■ Exercise brief
The required answer is an exact copy of every line from the beginning of the entries through the line with "План мероприятий по", with all pictures omitted.

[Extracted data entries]
::::::::::
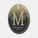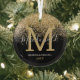 Monographie de famille en verre de noël avec un arrière - plan noir tendance, une élégante parties scintillant d'or design cascade, votre initiale, nom de famille, prénoms, et l'année.
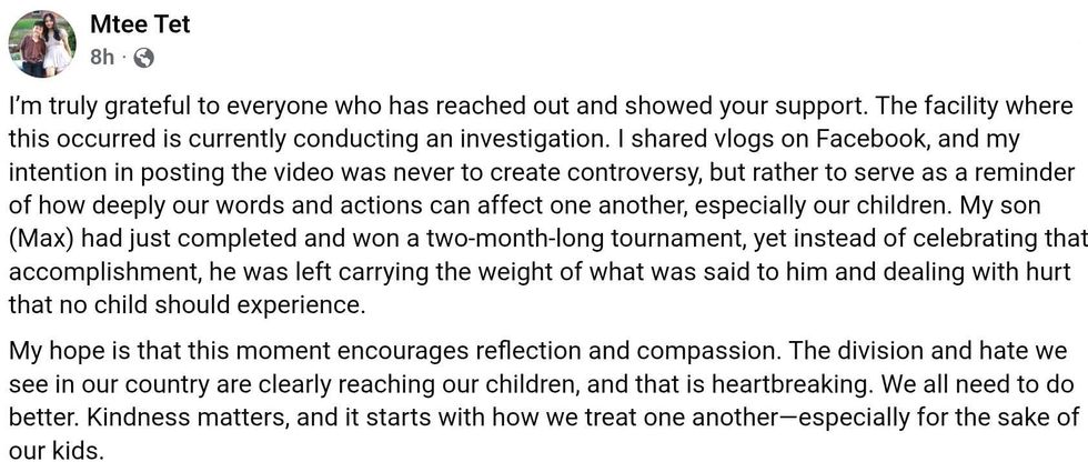 "My son (Max) had just completed and won a two-month-long tournament, yet instead of celebrating that accomplishment, he was left carrying the weight of what was said to him and dealing with hurt that no child should experience."
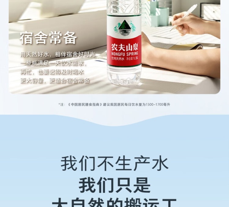 商品名称:【精选】农夫山泉(GBHX)饮用水天然水天然红盖水桶装水1.5L*12瓶
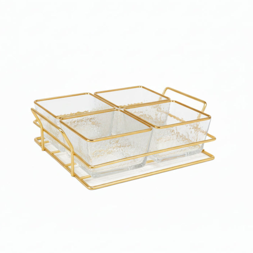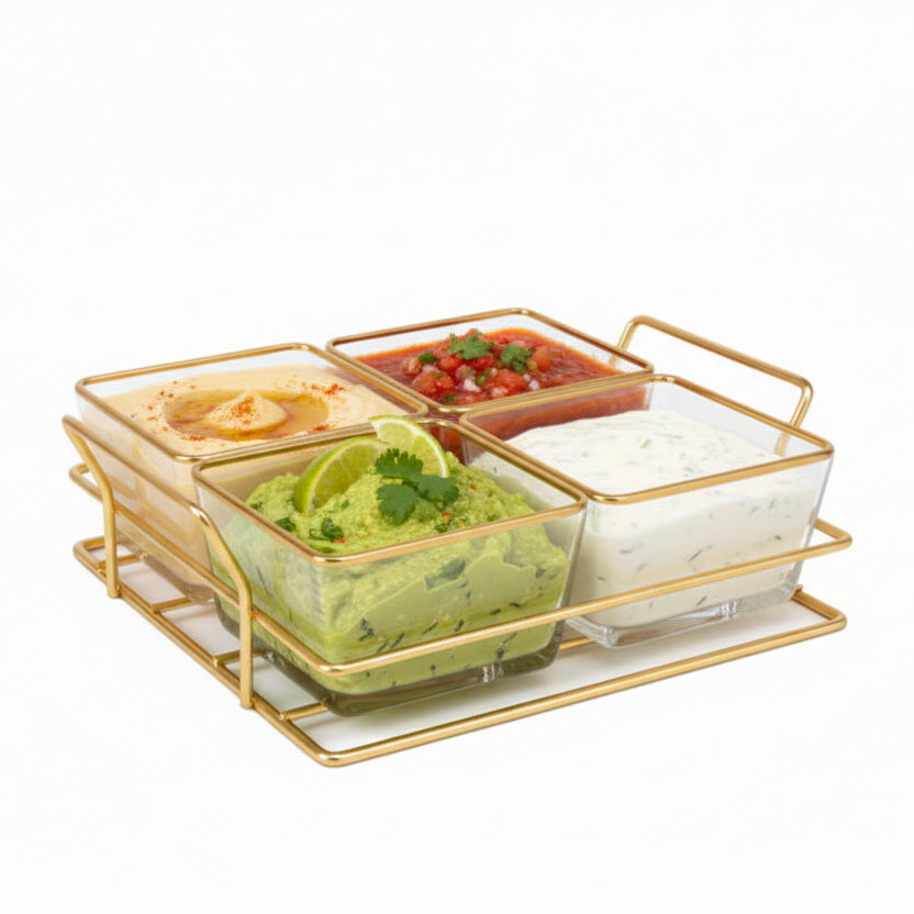 Gold Wire Rack with 4 Glass Dip Dish
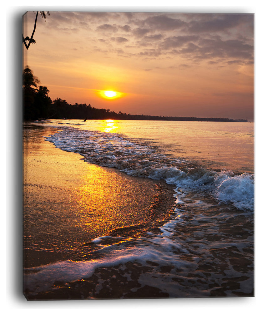 "White Foaming Waves At Sunset" Modern Beach Canvas Art Print, 30"x40"
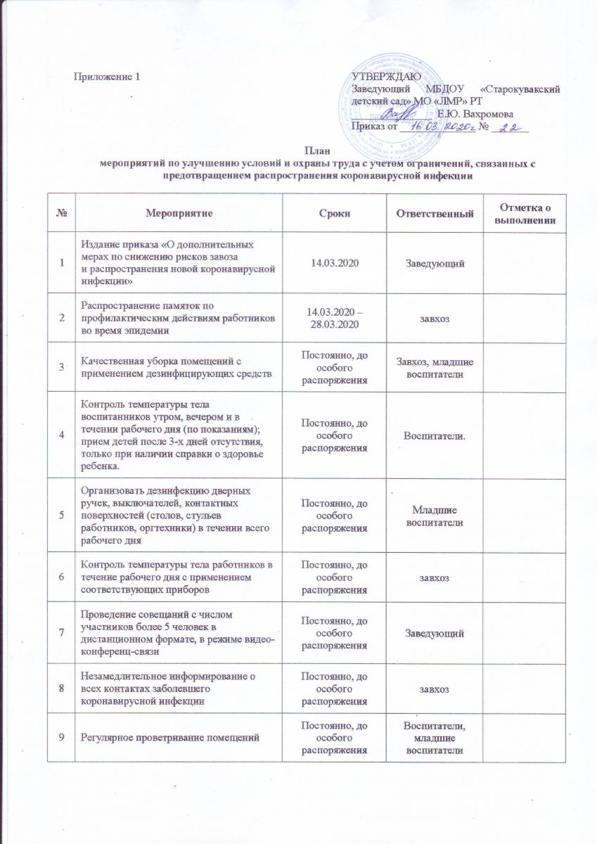 План мероприятий по улучшению условий и охраны труда с учетом ограничений
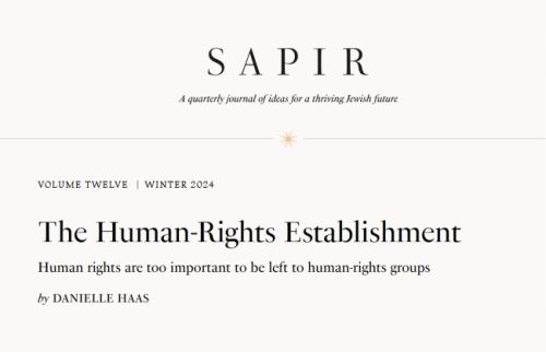 Danielle Haas is going to have a conversation with Bret Stephens on April 1 about her new article in Sapir, “The Human Rights Establishment.” I was engrossed in her fascinating description of her experiences with Human Rights Watch (HRW) and other so-called human rights organizations and I hope to get the chance to ask her a question about one sentence that was particularly jarring for me. It disturbed the flow of the article, and I am curious about why she felt it necessary to write it.
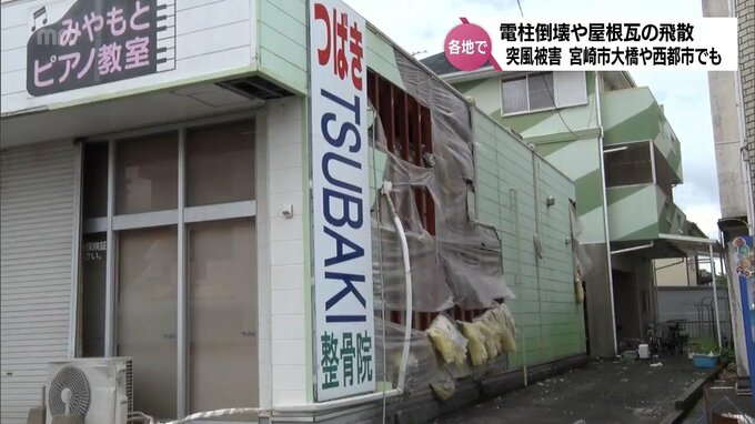 台風10号による突風の被害は、宮崎市大橋でも発生しました。このほか、西都市では電柱が倒れたり、屋根の瓦が飛んだりする被害が相次いでいます。こちらは、29日午前8時ごろの宮崎市大橋の様子です。(木山奈緒デ…
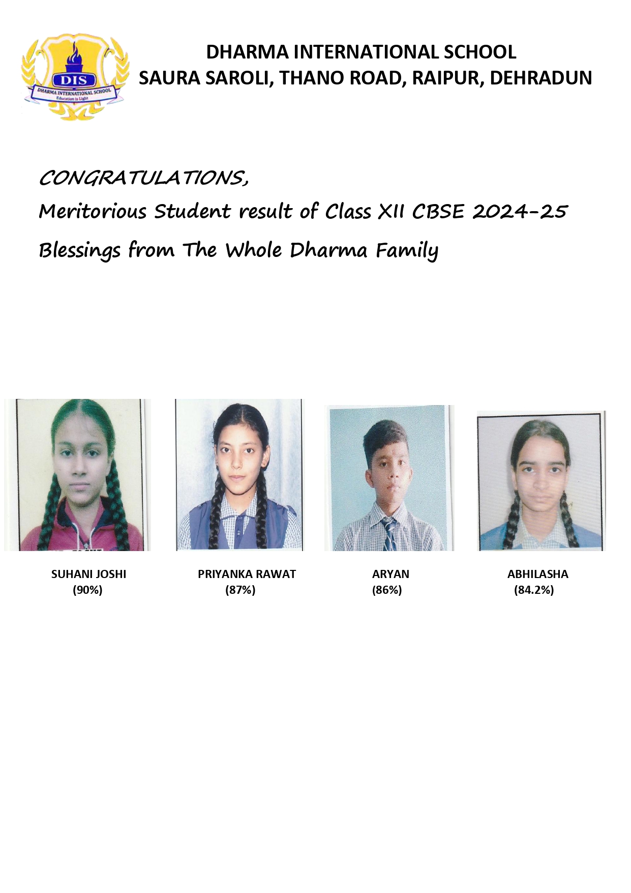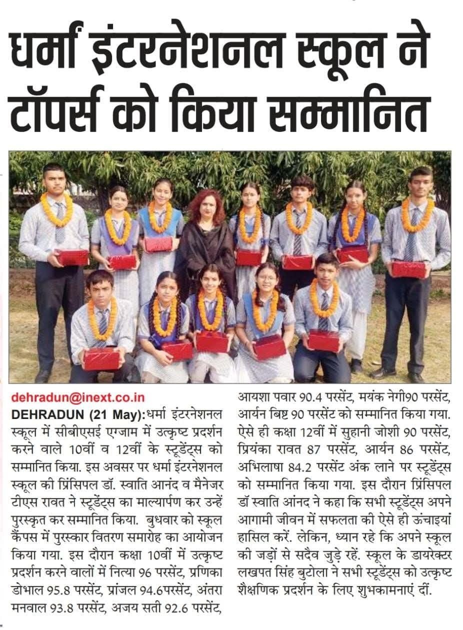 Congratulations to all the toppers and all other students for their Wonderful and Meritorious performance in Class XII CBSE Board Exams 2024-2025. Your Performance is a celebration to all Dharma International Senior Secondary School, Raipur Dehradun family, in showing the horizon of performance for future generations.
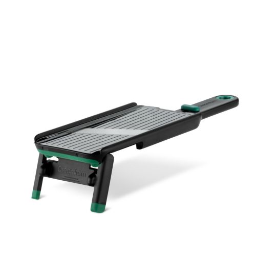 - 安心の指ガード:柔軟な指ガードが刃の上を滑り、安全にスライスできる構造です。
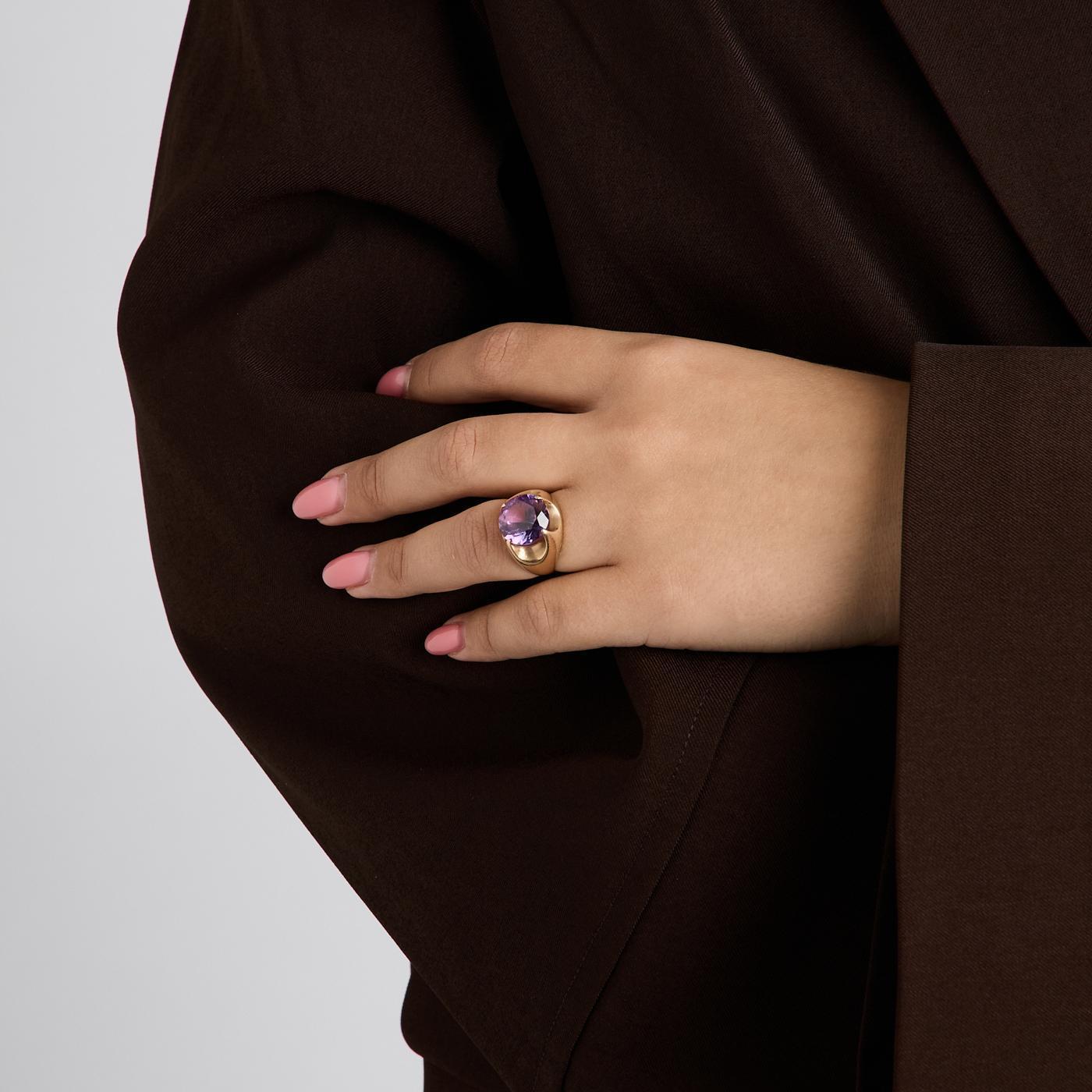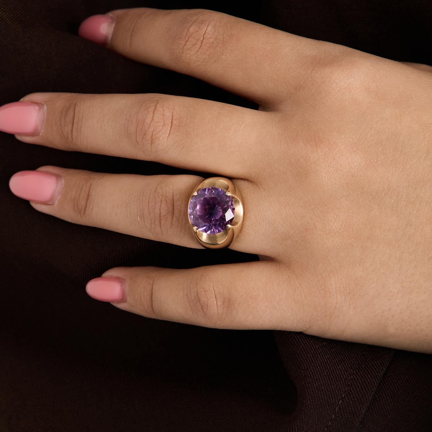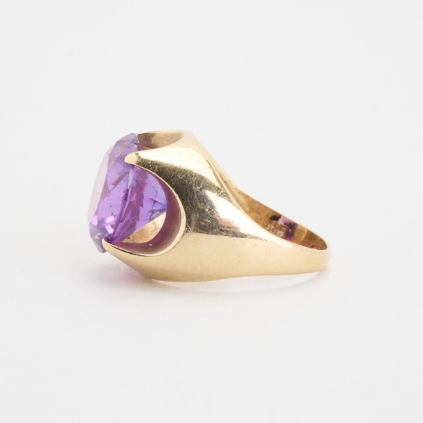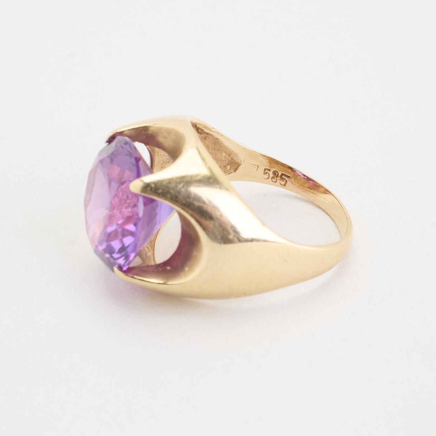 Modell: Uttalelse ring i 14 karat med en syntetisk safir str. 51
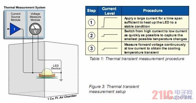 在JEDECJESD51-1標準定義的靜態測試條件下,一旦LED處於熱的狀態,它的前向電流突然降低到一個非常低的測量電流水平,IM(表格1中第2步)。事實上LED被關閉,產生了一個負的功率。在這個階段,測量相應的電壓(表格1第3步)。從LED的前向電壓改變推算LED結溫的改變。
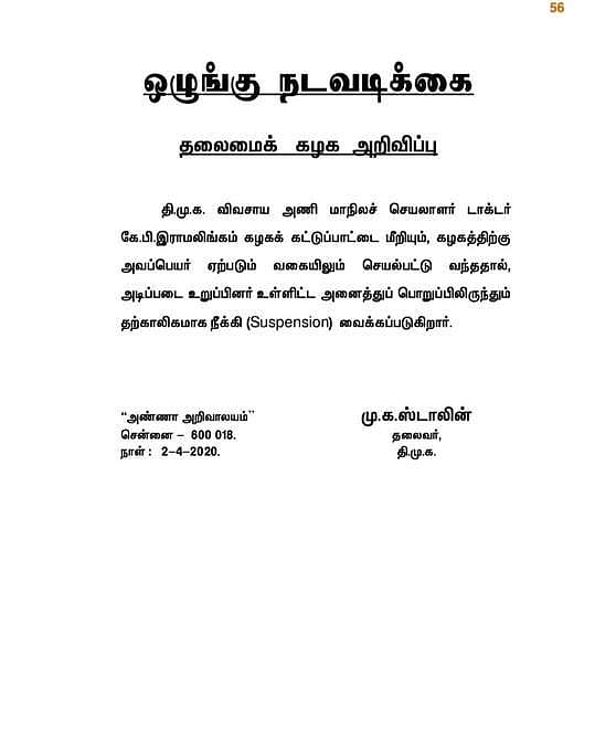 திமுகவின் அடிப்படை உறுப்பினர் உள்ளிட்ட அனைத்துப் பொறுப்புகளில் இருந்தும் கே.பி.ராமலிங்கம் நீக்கம் செய்யப்படுவதாக திமுக தலைவர் மு.க.ஸ்டாலின் அறிவித்துள்ளார்.
::::::::::
■ Completed exercise
 Monographie de famille en verre de noël avec un arrière - plan noir tendance, une élégante parties scintillant d'or design cascade, votre initiale, nom de famille, prénoms, et l'année.
 "My son (Max) had just completed and won a two-month-long tournament, yet instead of celebrating that accomplishment, he was left carrying the weight of what was said to him and dealing with hurt that no child should experience."
 商品名称:【精选】农夫山泉(GBHX)饮用水天然水天然红盖水桶装水1.5L*12瓶
 Gold Wire Rack with 4 Glass Dip Dish
 "White Foaming Waves At Sunset" Modern Beach Canvas Art Print, 30"x40"
 План мероприятий по улучшению условий и охраны труда с учетом ограничений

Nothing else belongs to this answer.